Exercise: Among the entries below, one line contains "이 단계는 비주얼 기반" and another contains "Signboard with the". Transcribe those two lines and every line between them, exactly.
::: Records supplied :::
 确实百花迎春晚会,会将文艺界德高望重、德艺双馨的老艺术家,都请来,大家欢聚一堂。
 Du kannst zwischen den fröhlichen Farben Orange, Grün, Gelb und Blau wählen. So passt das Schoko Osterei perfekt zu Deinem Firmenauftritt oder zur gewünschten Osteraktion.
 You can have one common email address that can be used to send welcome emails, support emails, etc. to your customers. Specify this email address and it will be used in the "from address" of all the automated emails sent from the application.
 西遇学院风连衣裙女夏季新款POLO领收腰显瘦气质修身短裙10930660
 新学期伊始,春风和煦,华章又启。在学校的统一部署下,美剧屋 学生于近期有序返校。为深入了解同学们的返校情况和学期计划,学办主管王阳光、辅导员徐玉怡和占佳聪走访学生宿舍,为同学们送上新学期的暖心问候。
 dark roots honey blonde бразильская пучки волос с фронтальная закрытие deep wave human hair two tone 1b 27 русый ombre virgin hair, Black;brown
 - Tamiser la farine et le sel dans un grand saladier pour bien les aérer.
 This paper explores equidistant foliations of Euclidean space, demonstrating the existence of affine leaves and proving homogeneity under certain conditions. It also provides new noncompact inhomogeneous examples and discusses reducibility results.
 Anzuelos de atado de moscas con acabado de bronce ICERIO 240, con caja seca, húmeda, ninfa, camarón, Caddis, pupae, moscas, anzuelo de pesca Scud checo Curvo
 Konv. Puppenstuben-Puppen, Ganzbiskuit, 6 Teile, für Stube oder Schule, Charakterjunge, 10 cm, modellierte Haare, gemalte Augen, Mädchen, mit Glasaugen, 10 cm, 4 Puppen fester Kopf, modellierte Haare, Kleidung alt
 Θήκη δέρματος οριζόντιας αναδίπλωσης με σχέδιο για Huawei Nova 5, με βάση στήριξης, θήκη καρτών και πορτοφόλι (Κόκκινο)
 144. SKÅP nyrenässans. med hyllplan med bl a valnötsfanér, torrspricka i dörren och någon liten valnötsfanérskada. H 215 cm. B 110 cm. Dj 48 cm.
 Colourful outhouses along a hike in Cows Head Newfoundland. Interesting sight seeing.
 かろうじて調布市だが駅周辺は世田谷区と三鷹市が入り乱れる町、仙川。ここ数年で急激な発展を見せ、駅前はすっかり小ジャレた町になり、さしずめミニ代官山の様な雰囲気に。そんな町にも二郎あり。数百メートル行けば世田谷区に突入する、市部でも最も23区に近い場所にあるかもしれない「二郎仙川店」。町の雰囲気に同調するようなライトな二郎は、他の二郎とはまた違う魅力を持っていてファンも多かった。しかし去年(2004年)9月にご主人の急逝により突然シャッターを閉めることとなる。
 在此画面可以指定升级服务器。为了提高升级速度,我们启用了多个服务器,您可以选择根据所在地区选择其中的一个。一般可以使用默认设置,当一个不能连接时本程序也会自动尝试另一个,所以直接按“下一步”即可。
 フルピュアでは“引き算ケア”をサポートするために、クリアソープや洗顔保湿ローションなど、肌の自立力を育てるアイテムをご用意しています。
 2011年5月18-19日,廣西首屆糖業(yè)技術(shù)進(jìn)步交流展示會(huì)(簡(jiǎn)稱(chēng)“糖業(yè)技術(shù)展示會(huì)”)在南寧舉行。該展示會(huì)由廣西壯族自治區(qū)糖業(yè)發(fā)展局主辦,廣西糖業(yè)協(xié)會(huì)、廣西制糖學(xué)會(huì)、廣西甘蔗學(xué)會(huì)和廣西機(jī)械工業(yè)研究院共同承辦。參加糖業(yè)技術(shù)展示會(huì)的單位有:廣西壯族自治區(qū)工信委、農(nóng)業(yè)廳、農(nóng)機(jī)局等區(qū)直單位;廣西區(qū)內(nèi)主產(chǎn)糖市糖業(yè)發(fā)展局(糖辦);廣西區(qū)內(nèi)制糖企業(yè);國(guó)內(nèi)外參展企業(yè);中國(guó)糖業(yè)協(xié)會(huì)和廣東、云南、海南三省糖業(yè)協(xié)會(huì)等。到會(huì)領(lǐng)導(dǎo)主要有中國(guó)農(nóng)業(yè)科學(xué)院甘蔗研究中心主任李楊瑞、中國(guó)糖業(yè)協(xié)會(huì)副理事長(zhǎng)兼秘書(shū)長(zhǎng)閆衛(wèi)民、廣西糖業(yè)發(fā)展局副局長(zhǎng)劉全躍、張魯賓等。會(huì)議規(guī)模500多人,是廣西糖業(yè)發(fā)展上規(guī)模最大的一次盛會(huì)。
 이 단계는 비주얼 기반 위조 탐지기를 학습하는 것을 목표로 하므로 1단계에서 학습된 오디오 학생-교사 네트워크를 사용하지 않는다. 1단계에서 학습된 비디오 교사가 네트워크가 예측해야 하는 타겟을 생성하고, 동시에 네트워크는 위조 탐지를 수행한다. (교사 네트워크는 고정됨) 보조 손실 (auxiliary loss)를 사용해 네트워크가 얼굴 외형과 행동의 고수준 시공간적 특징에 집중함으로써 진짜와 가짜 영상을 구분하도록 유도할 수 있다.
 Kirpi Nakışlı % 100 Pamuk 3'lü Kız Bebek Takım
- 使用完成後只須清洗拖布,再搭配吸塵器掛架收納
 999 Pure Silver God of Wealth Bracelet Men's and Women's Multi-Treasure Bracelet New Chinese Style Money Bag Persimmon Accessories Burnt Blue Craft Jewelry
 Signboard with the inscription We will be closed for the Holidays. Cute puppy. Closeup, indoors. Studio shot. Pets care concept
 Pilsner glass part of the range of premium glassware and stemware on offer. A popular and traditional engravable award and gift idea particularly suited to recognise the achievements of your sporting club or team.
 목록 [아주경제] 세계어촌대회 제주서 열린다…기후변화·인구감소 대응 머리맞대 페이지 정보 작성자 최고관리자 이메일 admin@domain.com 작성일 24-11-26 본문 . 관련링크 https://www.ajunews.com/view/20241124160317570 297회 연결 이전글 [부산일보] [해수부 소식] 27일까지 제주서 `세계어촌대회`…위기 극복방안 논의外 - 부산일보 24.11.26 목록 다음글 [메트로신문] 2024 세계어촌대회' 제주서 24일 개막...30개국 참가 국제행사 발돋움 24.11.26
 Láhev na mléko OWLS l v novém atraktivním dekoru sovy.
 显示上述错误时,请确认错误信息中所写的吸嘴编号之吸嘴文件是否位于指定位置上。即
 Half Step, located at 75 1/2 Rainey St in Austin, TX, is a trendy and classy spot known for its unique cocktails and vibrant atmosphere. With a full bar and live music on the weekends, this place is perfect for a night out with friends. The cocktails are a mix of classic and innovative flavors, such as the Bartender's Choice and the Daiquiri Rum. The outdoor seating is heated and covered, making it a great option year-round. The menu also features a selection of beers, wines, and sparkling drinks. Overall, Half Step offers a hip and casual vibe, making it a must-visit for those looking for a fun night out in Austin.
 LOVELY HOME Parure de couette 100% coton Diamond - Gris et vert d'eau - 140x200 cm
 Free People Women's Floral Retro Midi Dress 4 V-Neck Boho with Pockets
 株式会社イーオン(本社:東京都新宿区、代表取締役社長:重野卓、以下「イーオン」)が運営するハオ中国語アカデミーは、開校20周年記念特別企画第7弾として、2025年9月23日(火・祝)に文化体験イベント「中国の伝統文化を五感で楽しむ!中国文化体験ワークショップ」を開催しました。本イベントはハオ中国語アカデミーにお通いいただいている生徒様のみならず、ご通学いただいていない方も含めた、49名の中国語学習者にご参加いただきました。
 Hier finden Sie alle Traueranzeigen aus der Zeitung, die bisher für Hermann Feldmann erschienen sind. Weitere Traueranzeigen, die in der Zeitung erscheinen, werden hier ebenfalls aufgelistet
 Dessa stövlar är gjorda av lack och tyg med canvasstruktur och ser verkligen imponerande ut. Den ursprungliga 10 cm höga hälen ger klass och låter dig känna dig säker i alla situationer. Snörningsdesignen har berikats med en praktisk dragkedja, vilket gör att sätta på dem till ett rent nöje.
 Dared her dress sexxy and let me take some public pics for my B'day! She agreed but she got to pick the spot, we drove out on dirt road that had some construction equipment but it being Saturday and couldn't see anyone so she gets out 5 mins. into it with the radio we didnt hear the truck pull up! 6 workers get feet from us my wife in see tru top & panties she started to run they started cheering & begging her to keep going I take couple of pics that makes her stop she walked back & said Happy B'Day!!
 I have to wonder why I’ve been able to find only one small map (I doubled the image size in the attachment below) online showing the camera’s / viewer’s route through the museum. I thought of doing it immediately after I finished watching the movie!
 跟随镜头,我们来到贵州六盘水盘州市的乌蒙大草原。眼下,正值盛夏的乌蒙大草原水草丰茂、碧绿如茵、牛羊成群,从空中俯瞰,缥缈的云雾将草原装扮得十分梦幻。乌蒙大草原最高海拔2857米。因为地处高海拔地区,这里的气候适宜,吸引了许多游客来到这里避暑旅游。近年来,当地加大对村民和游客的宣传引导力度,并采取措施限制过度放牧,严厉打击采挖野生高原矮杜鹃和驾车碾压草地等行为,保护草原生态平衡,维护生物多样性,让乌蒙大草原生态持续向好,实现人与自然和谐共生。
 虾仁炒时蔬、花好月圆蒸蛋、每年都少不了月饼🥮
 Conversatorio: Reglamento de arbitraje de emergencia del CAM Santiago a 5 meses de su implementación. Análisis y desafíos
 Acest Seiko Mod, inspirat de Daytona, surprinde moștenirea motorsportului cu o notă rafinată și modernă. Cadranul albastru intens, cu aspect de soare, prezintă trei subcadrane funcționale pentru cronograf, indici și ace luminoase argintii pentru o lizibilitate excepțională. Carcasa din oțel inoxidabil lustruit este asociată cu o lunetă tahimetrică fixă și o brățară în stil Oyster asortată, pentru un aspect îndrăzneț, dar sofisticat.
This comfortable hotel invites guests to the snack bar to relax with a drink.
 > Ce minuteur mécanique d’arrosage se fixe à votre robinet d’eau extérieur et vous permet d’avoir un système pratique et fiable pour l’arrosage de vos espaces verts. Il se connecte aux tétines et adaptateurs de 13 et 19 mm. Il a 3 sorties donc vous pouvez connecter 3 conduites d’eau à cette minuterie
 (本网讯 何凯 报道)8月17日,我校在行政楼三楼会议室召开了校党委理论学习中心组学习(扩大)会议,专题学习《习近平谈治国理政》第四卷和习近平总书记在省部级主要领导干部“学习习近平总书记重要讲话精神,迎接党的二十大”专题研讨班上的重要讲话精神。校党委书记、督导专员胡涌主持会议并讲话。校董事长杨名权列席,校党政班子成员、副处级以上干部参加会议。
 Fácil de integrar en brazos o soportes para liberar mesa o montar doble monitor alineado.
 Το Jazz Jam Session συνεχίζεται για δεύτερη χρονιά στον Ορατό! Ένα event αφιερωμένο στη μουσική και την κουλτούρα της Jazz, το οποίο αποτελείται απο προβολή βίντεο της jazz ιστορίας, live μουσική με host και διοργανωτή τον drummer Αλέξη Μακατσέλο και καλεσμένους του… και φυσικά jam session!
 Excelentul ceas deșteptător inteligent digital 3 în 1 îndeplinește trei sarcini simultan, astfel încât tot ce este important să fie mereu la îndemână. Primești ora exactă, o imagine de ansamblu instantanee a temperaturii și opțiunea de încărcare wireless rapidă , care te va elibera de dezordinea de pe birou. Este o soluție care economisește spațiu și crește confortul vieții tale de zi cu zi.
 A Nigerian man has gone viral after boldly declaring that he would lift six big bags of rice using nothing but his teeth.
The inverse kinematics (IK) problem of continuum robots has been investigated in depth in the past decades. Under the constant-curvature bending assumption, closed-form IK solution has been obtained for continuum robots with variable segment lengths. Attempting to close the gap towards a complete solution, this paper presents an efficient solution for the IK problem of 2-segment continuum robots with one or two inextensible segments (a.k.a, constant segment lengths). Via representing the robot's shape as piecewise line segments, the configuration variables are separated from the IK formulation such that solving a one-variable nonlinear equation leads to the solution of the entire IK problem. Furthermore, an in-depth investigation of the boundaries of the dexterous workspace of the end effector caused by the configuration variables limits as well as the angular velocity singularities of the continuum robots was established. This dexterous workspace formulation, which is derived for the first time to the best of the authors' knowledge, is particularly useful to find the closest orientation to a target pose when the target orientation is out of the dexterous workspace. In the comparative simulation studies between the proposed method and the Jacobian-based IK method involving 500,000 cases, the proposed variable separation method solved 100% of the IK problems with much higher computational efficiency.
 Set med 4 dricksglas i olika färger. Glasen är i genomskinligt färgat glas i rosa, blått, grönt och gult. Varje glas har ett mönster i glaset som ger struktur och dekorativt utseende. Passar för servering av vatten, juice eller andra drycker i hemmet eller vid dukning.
:::
Solution for this exercise:
 이 단계는 비주얼 기반 위조 탐지기를 학습하는 것을 목표로 하므로 1단계에서 학습된 오디오 학생-교사 네트워크를 사용하지 않는다. 1단계에서 학습된 비디오 교사가 네트워크가 예측해야 하는 타겟을 생성하고, 동시에 네트워크는 위조 탐지를 수행한다. (교사 네트워크는 고정됨) 보조 손실 (auxiliary loss)를 사용해 네트워크가 얼굴 외형과 행동의 고수준 시공간적 특징에 집중함으로써 진짜와 가짜 영상을 구분하도록 유도할 수 있다.
 Kirpi Nakışlı % 100 Pamuk 3'lü Kız Bebek Takım
- 使用完成後只須清洗拖布,再搭配吸塵器掛架收納
 999 Pure Silver God of Wealth Bracelet Men's and Women's Multi-Treasure Bracelet New Chinese Style Money Bag Persimmon Accessories Burnt Blue Craft Jewelry
 Signboard with the inscription We will be closed for the Holidays. Cute puppy. Closeup, indoors. Studio shot. Pets care concept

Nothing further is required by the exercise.